__Problem requirements__
After locating the line with "This batch (20070/A)" below, output it and each following line exactly, stopping after the line with "Posting on Connect". No pictures.

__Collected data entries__

———

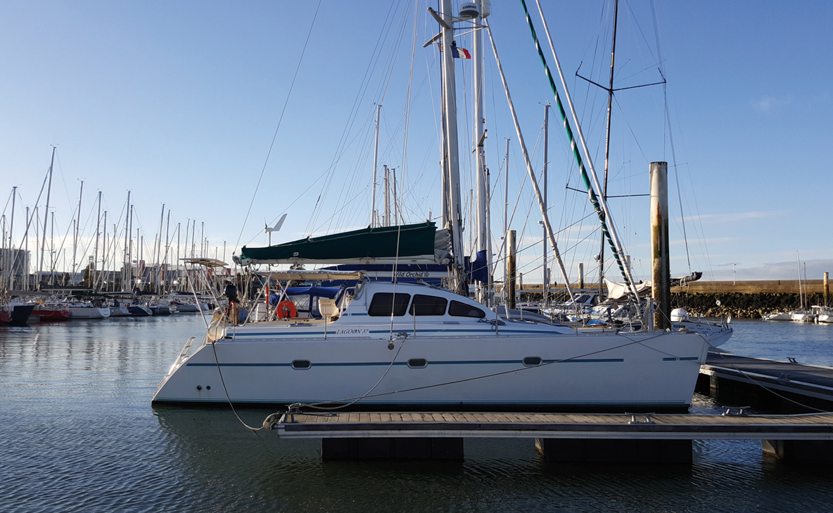 And of course, life’s unpredictability, job changes and professional projects mean that one day you wake up and it’s all very clear: I’m going to buy a boat. But that’s not everything. I will leave my lovely rented home with a sea view and I will live on board ! I wanted to throw off some of life’s baggage, was maybe afraid of putting down roots, wanting to move around a bit and just needing to change. In short it was all about finding some freedom again. The budget? Limited. Not just through neccessity, but also because I didn’t want to get too much in debt. I could have borrowed more, but what’s the point of owning a boat if you have to spend 360 days a year at the office to pay for it? I could have waited a year longer and waited for a house sale to go through which would have doubled my budget, but I didn’t want to keep putting things off until tomorrow. So I set my budget at €100,000. It’s perhaps a bit unwise to pay that for an old boat, but the monthly loan payback was the same as the monthly rental I paid on my house, and there just happened to be a few interesting boats on the market at around that price. Below that price, you really need to be a camping fan. The other criteria were to find a boat that was as long as possible, with the nacelle as high as possible, a solid build and inboard motors. Of course, outboards are more and more reliable, they are light and when lifted up help when under sail. But I’ve had too many experiences of problems getting them started. I want the reliability of diesel, just for my peace of mind, even though I know that older inboards can also have their problems. As for the rest, materials, builder, equipment… I had no preconceived ideas. I won’t be difficult, I’ll look at anything ! I even looked at trimarans at the start. You get more length for your money, and their elegance and seaworthiness were tempting. But I needed to live onboard, and the generation of boats which corresponded to my budget, didn’t offer enough space even if I liked minimalist living! There was also the issue of the amount of space needed in the port. It’s already an issue with a cat, so with a tri…
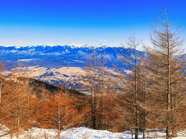 晴天率の高い入笠山からは八ヶ岳の絶景をはじめ、アルプスの名峰が見渡せる絶好のロケーションが広がります。これまでの疲れも吹き飛ぶ絶景ポイントです。雪のある季節には絶対に行きたい山のひとつです!
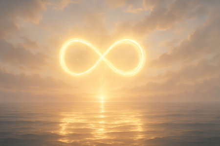 Horizontal scene of a golden infinity symbol floating above the sea. Elegant metallic gold tones reflect light over calm ocean water, creating a serene and luxurious atmosphere. Concept of eternity, balance, spirituality, success, and endless possibilities.
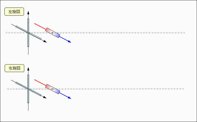 Figure 3 shows the rotating magnetic field generated by the cross dipole antenna. The upper magnetic field is the rotating anticlockwise toward the direction of travel with the output delayed by anticlockwise, and the lower magnetic field is the rotating clockwise with the output delayed by clockwise.
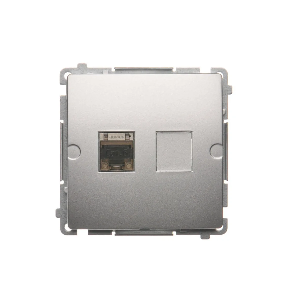 SIMON BASIC Gniazdo komputerowe pojedyncze ekranowane RJ45 kategoria 6 z przesłoną przeciwkurzową (moduł) srebrny mat metalizowany BM61E.01/43
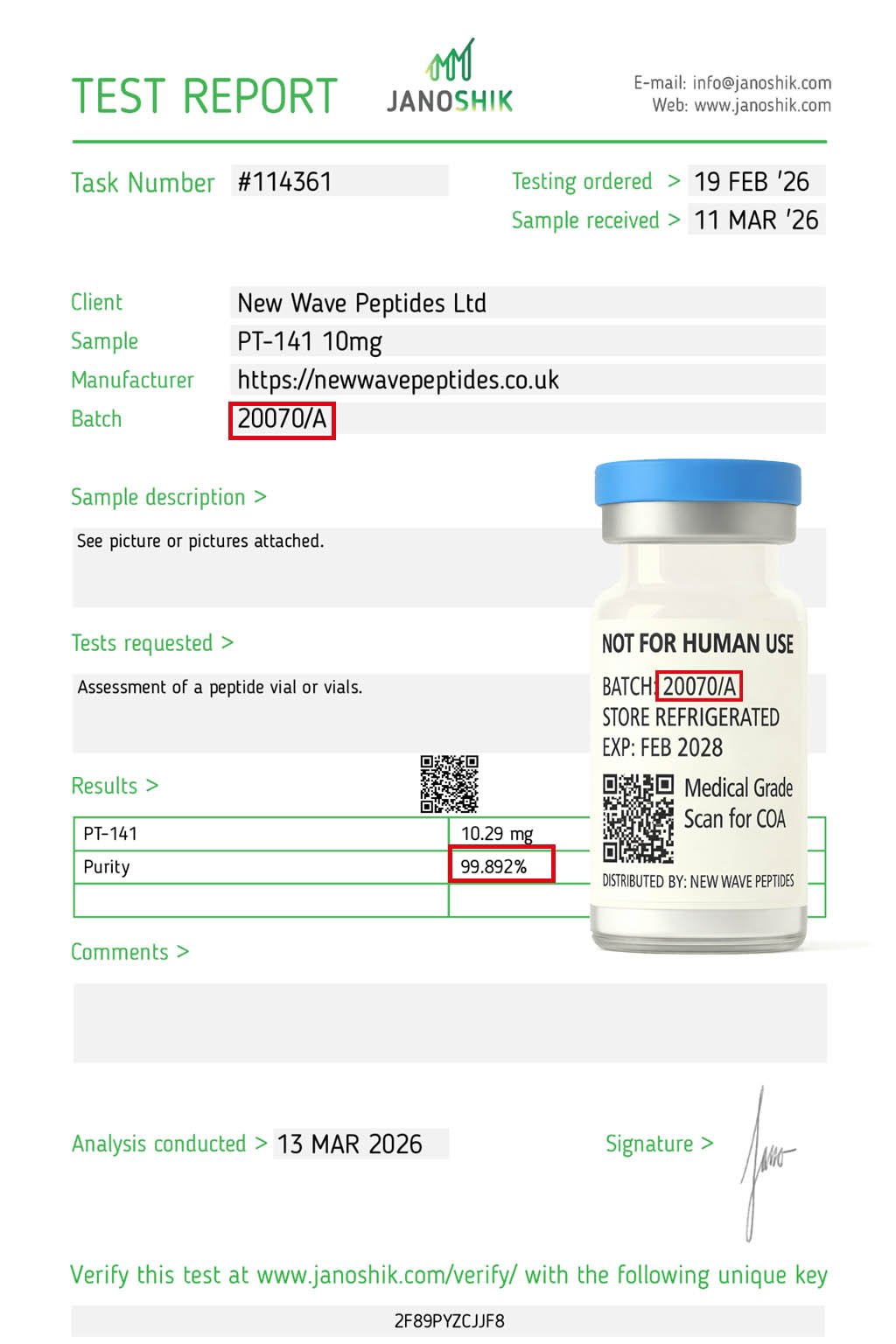 This batch (20070/A) is independently tested by Janoshik and confirmed to exceed 99% purity. Each vial is batch-labelled for traceability and consistent research standards.
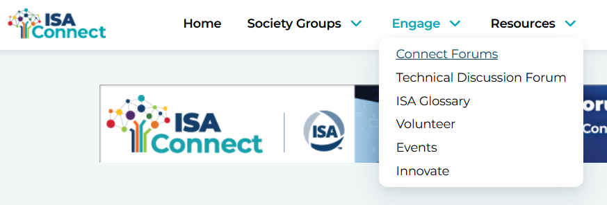 Posting on Connect Forums is simple. First, you will need to log in to your member account in ISA Connect. Under the tab “Engage,” navigate to Connect Forums.
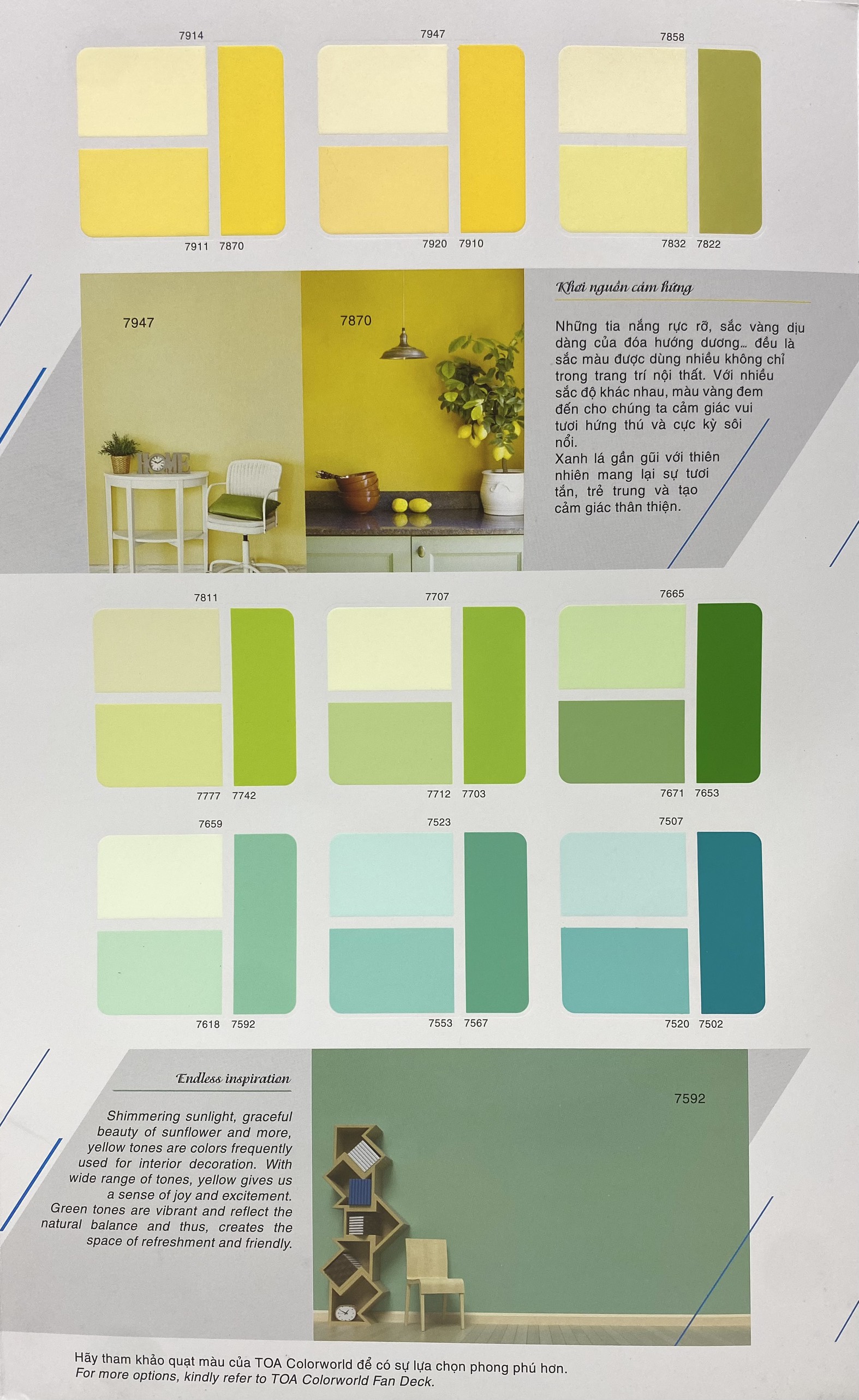 Sơn nước Toa thoải mái lau chùi nội thất màu vàng 7923 _5L Sơn nước nội thất cao cấp TOA Thoải Mái Lau Chùi Bóng Mờ được sản xuất từ nhựa nhũ tương acrylic, có thể
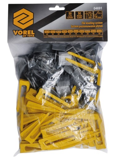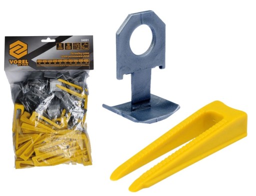 Nowoczesny system do poziomowania płytek, który w bardzo szybki i łatwy sposób pomaga ułożyć idealnie płytki oszczędzając czas i eliminując niedokładności powierzchni. Składa się z zestawu zrywalnych klipsów oraz klinów wielorazowego użytku, wykonanych z wysokogatunkowego tworzywa sztucznego. Zalety stosowanie systemu VOREL: - zastępuje wąskie krzyżyki - zapobiega przemieszczaniu podczas instalacji i wiązania kleju - przyśpiesza układanie płytek z zachowaniem idealnych fug i połączeń - brak potrzeby użycia dodatkowych narzędzi - można go stosować na ściany i podłogi - łatwy w montażu na każdym poziomie umiejętności
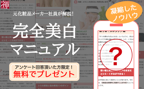 プロが考える美白対策とは、どのようなものなのか。スキンケアから、食事、コスメ・基礎化粧品選びまで「美白完全マニュアル」として1ページにまとめています。こちらを感謝の気持ちを込めて、アンケートに答えて頂いた方全員にプレゼントしたいと思います。アンケートは以下の簡単な質問にお答え頂くだけです。
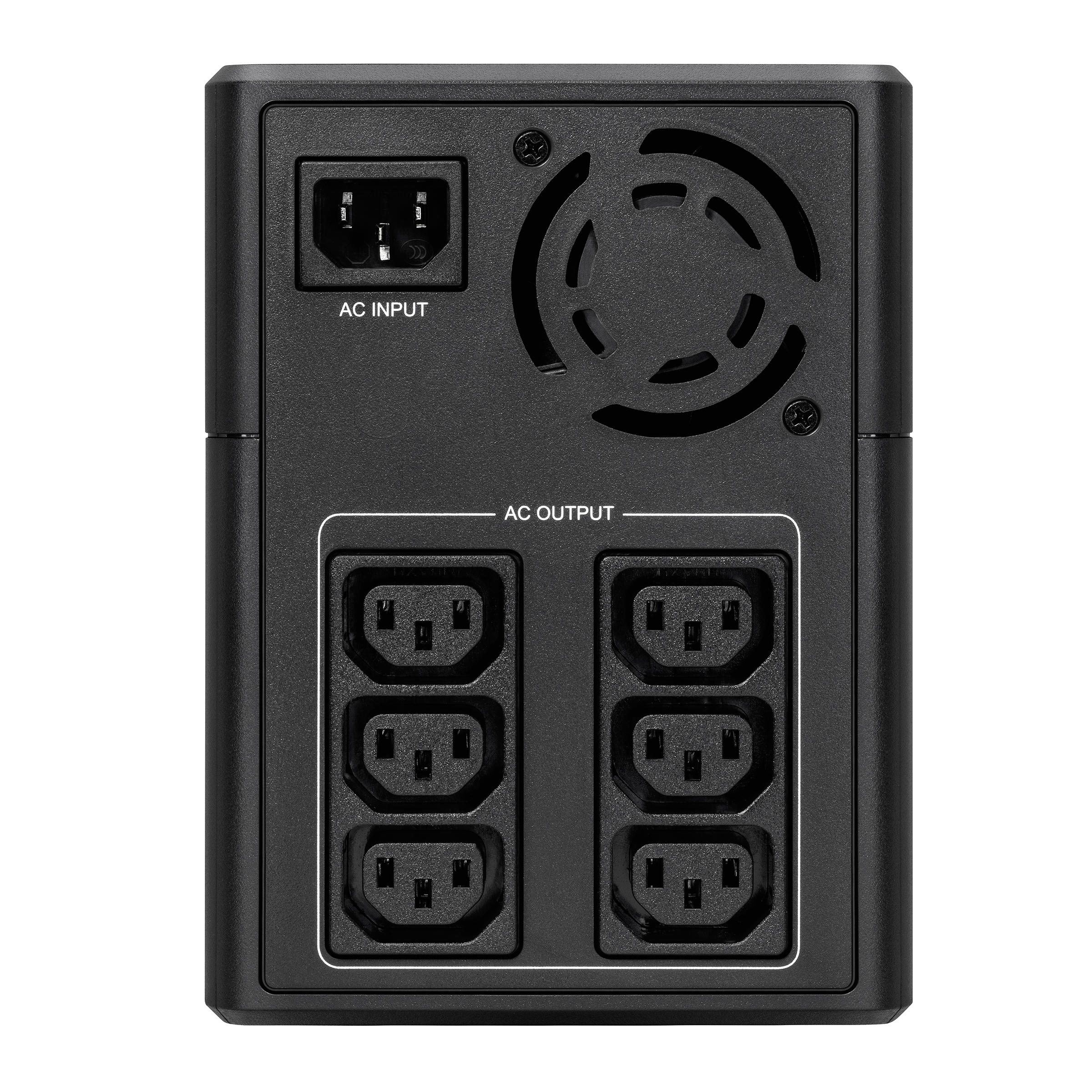Output connection (IEC models) 550-900VA -  4 IEC C13 outlets, 1200 - 2200VA -  6 IEC C13 outlets

———

__Response__
 This batch (20070/A) is independently tested by Janoshik and confirmed to exceed 99% purity. Each vial is batch-labelled for traceability and consistent research standards.
 Posting on Connect Forums is simple. First, you will need to log in to your member account in ISA Connect. Under the tab “Engage,” navigate to Connect Forums.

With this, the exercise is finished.